Furthermore, when mention is made of a vertical positioning of a layer (e.g.: underneath/on top of), it is always by considering that the carrier substrate is positioned horizontally, on the bottom, with the multilayer on it. When it is specified that a layer is deposited directly onto another, this means that there cannot be one (or more) layer(s) inserted between these two layers. The row of the functional layers is in this case always defined starting from the substrate bearing the multilayer (substrate on the face of which the multilayer is deposited) and referring to layers of the same nature.


In one particular variant of the invention, each of the antireflection coatings comprises at least one antireflection layer based on silicon nitride, optionally doped with the aid of at least one other element, such as aluminum. This is particularly advantageous for thin-film multilayers to be bent/tempered or for bendable/temperable thin-film multilayers.


In another particular variant of the invention, the last layer of each antireflection coating subjacent to a functional layer is an antireflection wetting layer based on crystalline oxide, especially based on zinc oxide, optionally doped with the aid of at least one other element, such as aluminum, in order to promote the obtaining of crystalline functional layers.


The present invention furthermore relates to glazing incorporating at least one substrate according to the invention, optionally combined with at least one other substrate and especially multiple glazing of the double glazing or triple glazing or laminated glazing type and in particular laminated glazing comprising means for the electrical connection of the thin-film multilayer in order to make it possible to produce heated laminated glazing, it being possible for said substrate bearing the multilayer to be bent and/or tempered.


Each substrate of the glazing may be clear or tinted. At least one of the substrates may especially be made of bulk-tinted glass. The choice of coloration type will depend on the level of light transmission and/or on the colorimetric appearance that is/are desired for the glazing once its manufacture has been completed.
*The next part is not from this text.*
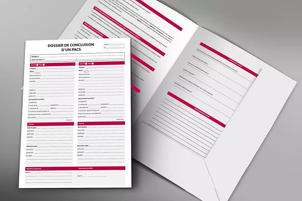 Le dossier du PACS s’adresse aux responsables de l’Etat-Civil pour leur apporter confort et efficacité dans l’établissement de la convention de Pacte de Solidarité Civil.

The glazing according to the invention may have a laminated structure, especially combining at least two rigid substrates of the glass type with at least one sheet of thermoplastic polymer, so as to have a structure of the following type: glass/thin-film multilayer/sheet(s)/glass. The polymer may especially be based on polyvinyl butyral (PVB), ethylene/vinyl acetate (EVA), polyethylene terephthalate (PET) or polyvinyl chloride (PVC).


The glazing may then have a structure of the type: glass/thin-film multilayer/polymer sheet(s)/glass.


The glazing according to the invention is capable of undergoing a heat treatment without the thin-film multilayer being damaged. It is therefore optionally bent and/or tempered.


The glazing may be bent and/or tempered when formed from a single substrate, that provided with the multilayer. This is then referred to as “monolithic” glazing. If the glazing is bent, especially for the purpose of forming glazing for vehicles, the thin-film multilayer is preferably on a face which is at least partly nonplanar.


The glazing may also be multiple glazing, especially double glazing, it being possible for at least the substrate bearing the multilayer to be bent and/or tempered. It is preferable in a multiple glazing configuration for the multilayer to be placed so as to face the intermediate gas-filled space. In a laminated structure, the substrate bearing the multilayer may be in contact with the polymer sheet.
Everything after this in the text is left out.